We next focused on comparing viral protein association with replicated viral DNA in the presence of inhibitors (Fig 9A). The levels of viral immediate early gene products associated with viral DNA did not change significantly in the presence of either inhibitor (inhibitor +EdC) compared to infection with KOS in the absence of inhibitors (KOS+EdC). Of note, for both PCNA-I1 and T2AA treated cells, the NSAF for ICP4 did not change compared to the untreated control (KOS +EdC/KOS +EdC +inhibitor = 0.9). ICP4 is the major viral transcription factor that binds to double stranded DNA during infection, is an immediate early gene product, and is essential for transcription initiation of early and late viral genes [7]. At the time viral DNA was isolated (6 hpi), ICP4 coats viral DNA in a sequence non-specific manner [12] and is therefore a good internal control and support for the use of NSAF to compare protein levels between datasets.
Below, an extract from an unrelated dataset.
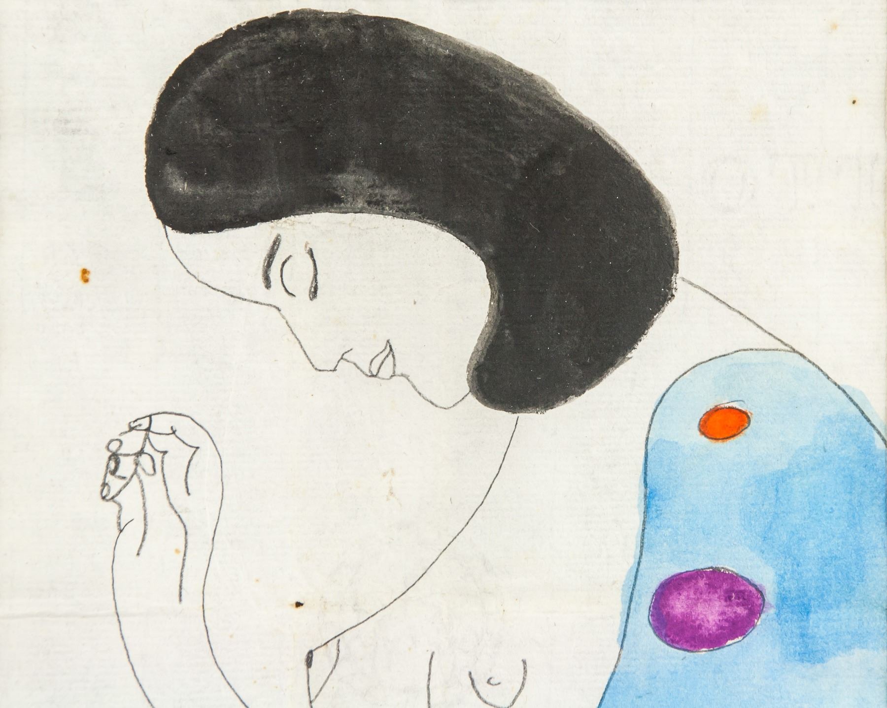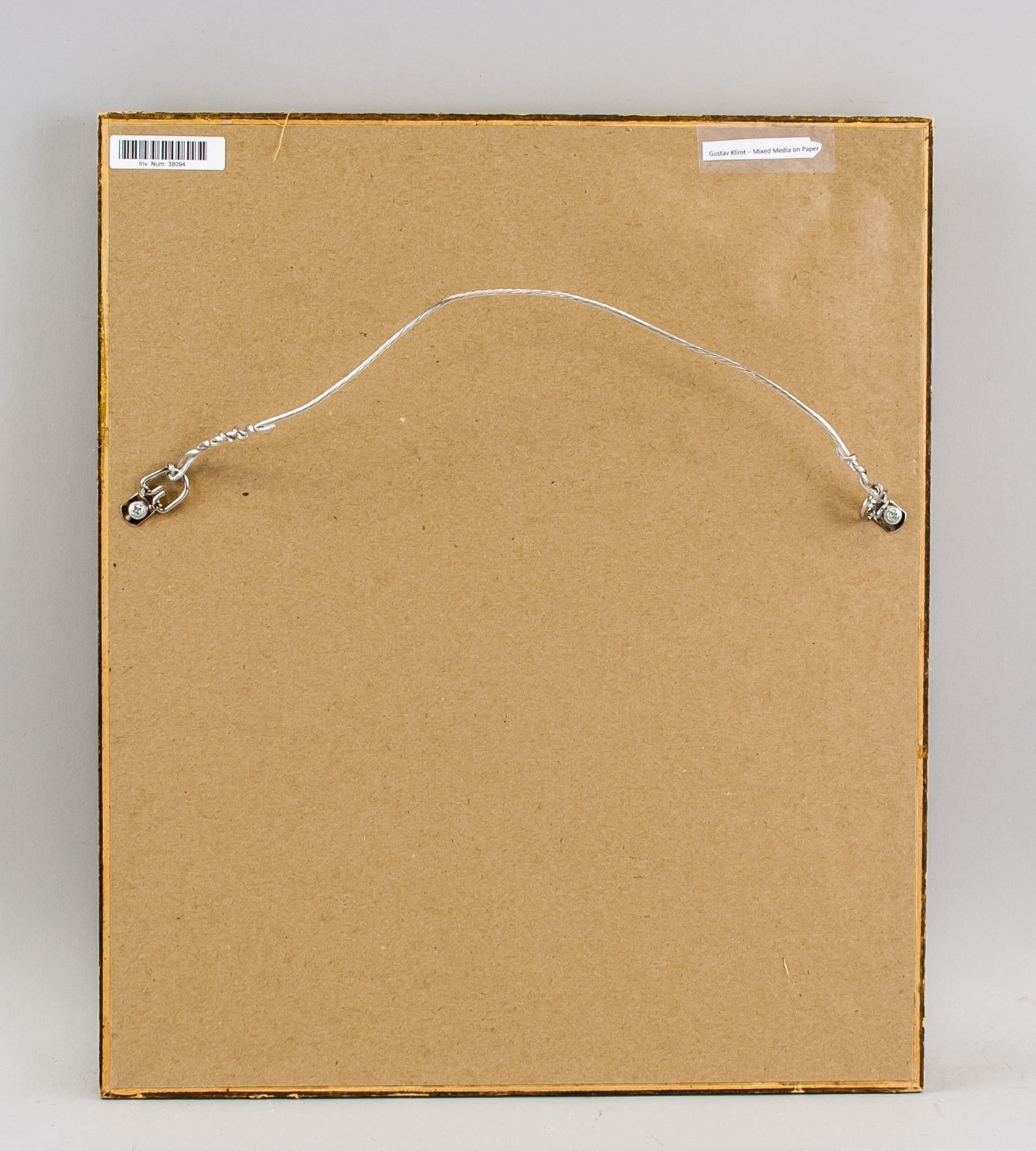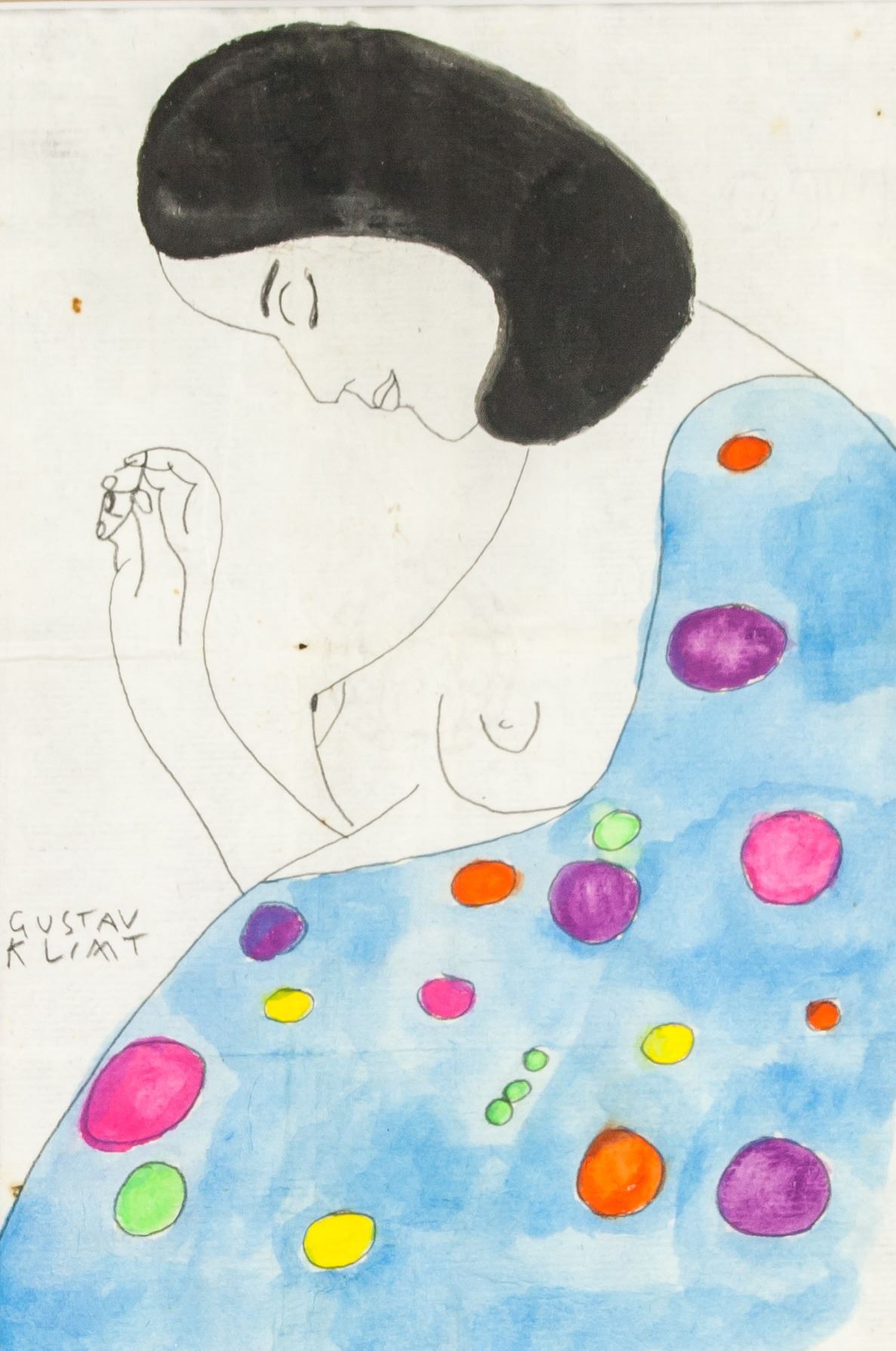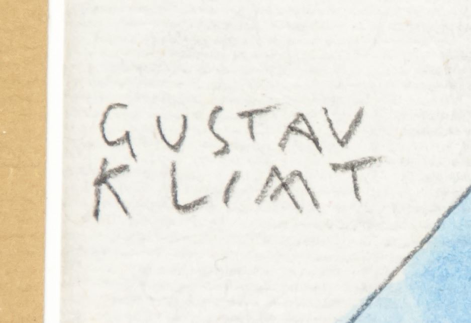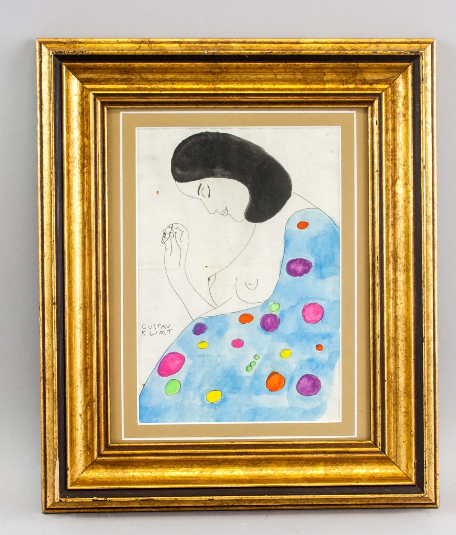 Mixed media on paper, framed. Featuring a portrait of a woman wrapped in a blanket. Signed and in the manner of Gustav Klimt (Austria, 1862-1918), signature on the left margin. 10.6 x 8.3 in. (27 x 21 cm). Gustav Klimt is best known for his opulently gilded art nouveau portraits of women that epitomize fin-de-siècle Vienna. His Symbolist pastiches of pale nudes, allegorical gardens and erotic content served as the basis for many American psychedelic poster designs in the 1960s. Early in his career, Klimt was supported generously by the Viennese community, and received several commissions for murals in theaters and the Museum Kunsthistorisches. Early narrative paintings depicted heavy subjects such as anxiety, doubt, sexuality, and death, but in later years, he turned toward landscape painting, exploring light and abstract patterns of nature. PROVENANCE: Southern Ontario estate

A) Heat map indicating all viral proteins identified in viral aniPOND datasets and their fold change in abundance comparing PCNA-I1 (2.5 μM) or T2AA (12.5 μM) treated cells to an uninhibited control. HSV-1 genes are classified by their gene class (immediate early, early, leaky late, or late). Viral genes that are not classified are under “N/A”. Fold decrease was calculated as the NSAF of KOS+EdC divided by KOS +inhibitor +PCNA-1. Raw values indicate fold change and this is emphasized by the heat map. Values of less than 1.0 indicate an increase in protein association during inhibition. B) STRING diagram of human proteins that had at least a 4-fold decrease in association with viral DNA in the presence of 2.5 μM PCNA-I1. The STRING diagram shows predicted physical and functional interactions between human proteins. Biological process associated with identified proteins are labeled in varying colors. The unmapped list represents proteins that were not predicted to have high confidence protein-protein interactions with the other identified proteins using STRING. Some minor modifications were made to the STRING diagram to group known complex members together. ARID1A was originally grouped with ‘Mismatch repair proteins’ but was changed to be grouped with ‘Chromatin + DNA modification + remodeling.’ ERCC3 was originally grouped with the ‘Mediator complex’ but was changed to be grouped with ‘Transcription II’.
There was little to no difference in the association of HSV-1 early and leaky late gene products with viral genomes in the presence of T2AA (less than 2-fold). The one exception was the early viral gene product UL2 (uracil-DNA glycosylase), which decreased during T2AA treatment by 4-fold (Fig 9A). In addition, in the presence of T2AA, viral genome-associated late proteins (capsid and tegument) were less associated with replicated HSV-1 DNA (UL38 decreased by 3.5-fold and UL47 decreased by 3.0-fold), an observation that is consistent with T2AA treatment causing a decrease in late protein expression. When infection was carried out in the presence of T2AA, there was little to no change in viral genome association of most cellular factors when compared to an uninhibited group (Fig 8F and 8G). Host factors FERM RhoGEF and pleckstrin domain-containing protein 1 (FARP1), integrator complex subunit 4 (Ints4) and subunit 3 (Ints3), Septin-7, and the PHD finger-like domain containing protein 5A (PHF5A) decreased by at least 4-fold in the presence of T2AA (Fig 8F and 8G). All other cellular factors were recruited to viral DNA in similar abundances with T2AA as in uninhibited groups. Taken together, T2AA selectively inhibits the recruitment of select factors to replicated viral DNA including the viral base excision repair factor UL2 and cellular factors involved in transcription elongation (Ints3, Ints4, and PHF5A).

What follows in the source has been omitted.